What is interesting from this data is that all forms of external administrations have increased except for Court appointments. We believe this is due to the Australian Taxation Office (ATO) recently intensifying its efforts in recovering outstanding debts through the Director Penalty Notice (DPN) mechanism first, rather than enforcing its debts through the Courts. This has led directors to consider their options earlier and take decisive actions in relation to outstanding ATO debt.
Understanding the DPN
A DPN is a powerful tool employed by the ATO to recover unpaid Pay-As-You-Go (PAYG) withholding, Goods and Services Tax (GST) and Superannuation Guarantee Charge (SGC) liabilities of a Company from its directors. This legal notice places personal liability on directors for the company's tax debts, making it crucial for directors to be aware of their financial responsibilities.
The Growing Trend
Statistics released by the Tax Institute indicate a notable uptick in the issuance of DPNs in recent years. For the period July 2023 to January 2024, the Tax Institute reported approximately 5,250 DPNs were issued to directors. This escalation underscores the ATO's commitment to cracking down on non-compliance and ensuring the timely lodgement and payment of tax obligations.
Specific Days to Act
To avoid personal liability and safeguard the financial standing of both the business and its directors, it is essential to act promptly. The ATO grants a 21-day window from the issuance of a non-lockdown DPN during which directors can take specific actions in relation to the Company. Here are key steps to consider within this crucial timeframe:
- Seek Professional Advice: Engage with an insolvency practitioner or legal advisor who specialises in insolvency matters. Their expertise can provide valuable insight into the best course of action based on your specific circumstances.
- Appoint an Administrator: If the financial situation of the business is dire, consider appointing a Voluntary Administrator. This can provide breathing space and potentially result in a restructure or sale of the business.
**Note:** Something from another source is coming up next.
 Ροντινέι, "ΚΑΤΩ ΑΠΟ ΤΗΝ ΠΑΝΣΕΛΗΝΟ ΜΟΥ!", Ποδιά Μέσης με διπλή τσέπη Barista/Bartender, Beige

- Liquidation or Wind Up: In some cases, it may be in the best interest of the directors to voluntarily wind up the company. This option should be explored carefully, considering the potential impact on creditors and stakeholders.
- Small Business Restructure: If the DPN is a non-lockdown DPN, and you are trading a business in a corporate structure, your business may be able to access the new Small Business Restructuring regime. Under this option you continue to trade the business as the director while also proposing a Restructuring Plan to your creditors.
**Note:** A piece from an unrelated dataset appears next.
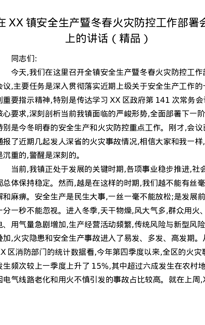 在XX镇安全生产暨冬春火灾防控工作部署会议上的讲话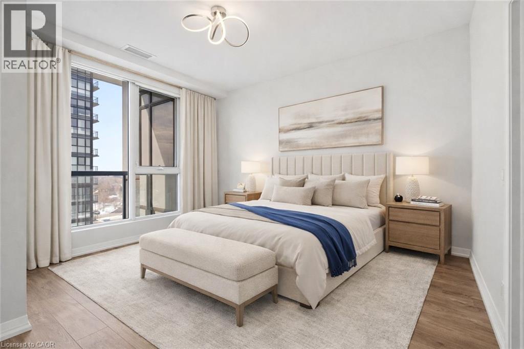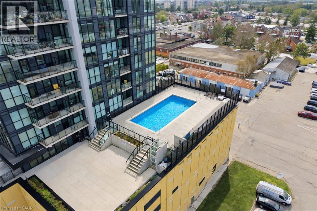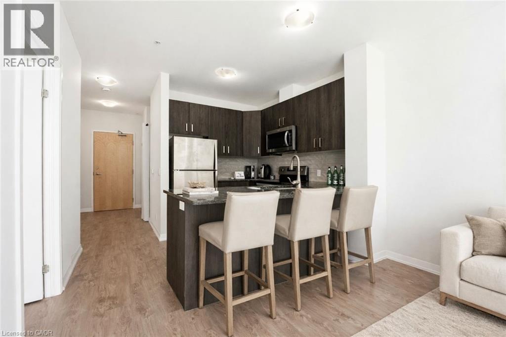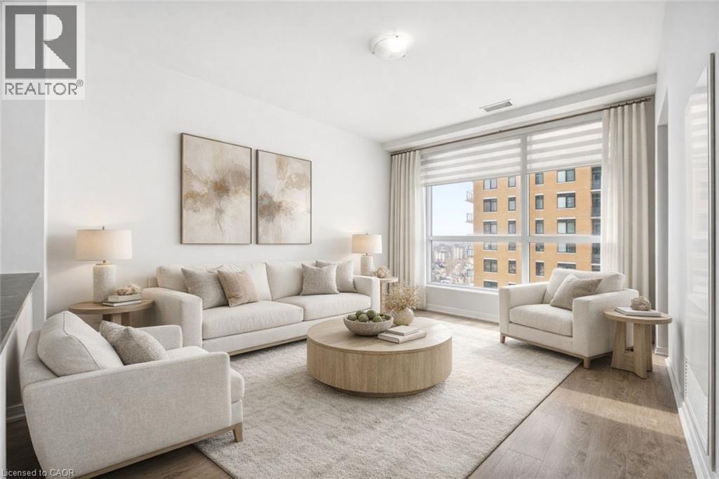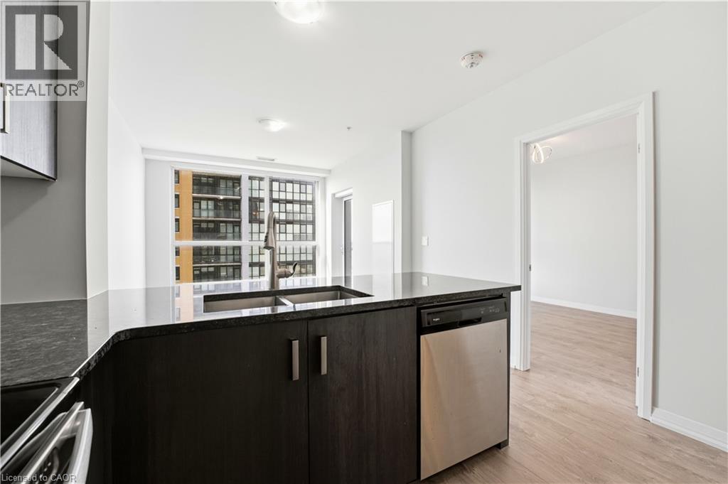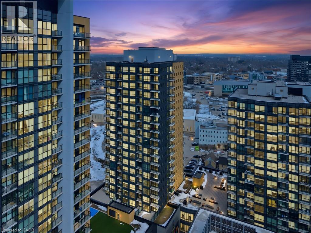 Perched high above the vibrant Kitchener skyline, this ONE-BED + DEN condo at 104 Garment St, Unit 1206 offers an exceptional opportunity in Downtown Kitchener’s most sought-after addresses. BRIGHT OPEN-CONCEPT LAYOUT enhanced by PREMIUM FLOORING AND FRESHLY PAINTED neutral tones. The contemporary kitchen offers GENEROUS GRANITE COUNTERTOPS, STAINLESS STEEL APPLIANCES, A TASTEFUL TILE BACKSPLASH, & a breakfast bar that overlooks the main living area. The spacious living room is flooded with natural light from IMPRESSIVE FLOOR-TO-CEILING WINDOWS and offers direct access to a private balcony overlooking the terrace below. The PRIMARY BEDROOM IS BOTH COMFORTABLE AND FUNCTIONAL, featuring a large walk-in closet and a GENEROUS WINDOW FRAMING ELEVATED CITY VIEWS. A versatile den provides the perfect space for a home office, reading nook, or guest area, also offering a full 4-piece bathroom, convenient in-suite laundry, and additional storage. Residents of this highly desirable building enjoy an impressive array of PREMIUM AMENITIES INCLUDING A ROOFTOP TERRACE with stunning city views, a fully equipped fitness centre, private theatre room, party room, and a stylish media lounge—perfectly suited for today’s dynamic professional lifestyle. The unit also comes complete with one underground parking space for added convenience. Ideally situated in the heart of Downtown Kitchener’s Innovation District, this prime location places you just steps from the ION LRT, Grand River Hospital, Victoria Park, and an incredible selection of restaurants, cafés, and boutique shops. With major employers such as Google and the thriving tech hub nearby, THIS LOCATION IS PERFECTLY POSITIONED FOR PROFESSIONALS SEEKING BOTH CONNECTIVITY AND LIFESTYLE. Offering the perfect blend of modern design, functional living space, and unbeatable downtown convenience, this impressive condominium is a remarkable opportunity to enjoy the very best of city living. (id:4555)

There is a misconception that directors can avoid personal liability by entering into a payment plan with the ATO within 21 days, however this is not correct. The payment plan simply allows a director to repay the liability by way of instalments, however the director becomes personally liable for the whole debt after the end of the 21-day period.
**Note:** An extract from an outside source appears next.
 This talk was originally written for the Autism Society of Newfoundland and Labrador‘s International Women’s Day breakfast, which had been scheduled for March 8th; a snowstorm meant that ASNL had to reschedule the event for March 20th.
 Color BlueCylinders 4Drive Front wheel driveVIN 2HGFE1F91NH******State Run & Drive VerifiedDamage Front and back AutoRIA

Under a lockdown DPN, the only option available to directors to avoid personal liabilities for the amounts owing by the company is to pay the amounts owing in full.
The helpful link here will provide guidance if a DPN is a lockdown or non-lockdown DPN.
Conclusion
As the ATO continues its pursuit of unpaid tax debts through the DPN mechanism, directors must remain proactive. By understanding the increasing trend, taking swift action within the stipulated timeframe, and seeking professional advice as early as possible, businesses can navigate the complexities of debt recovery and protect both their financial interests and personal liability.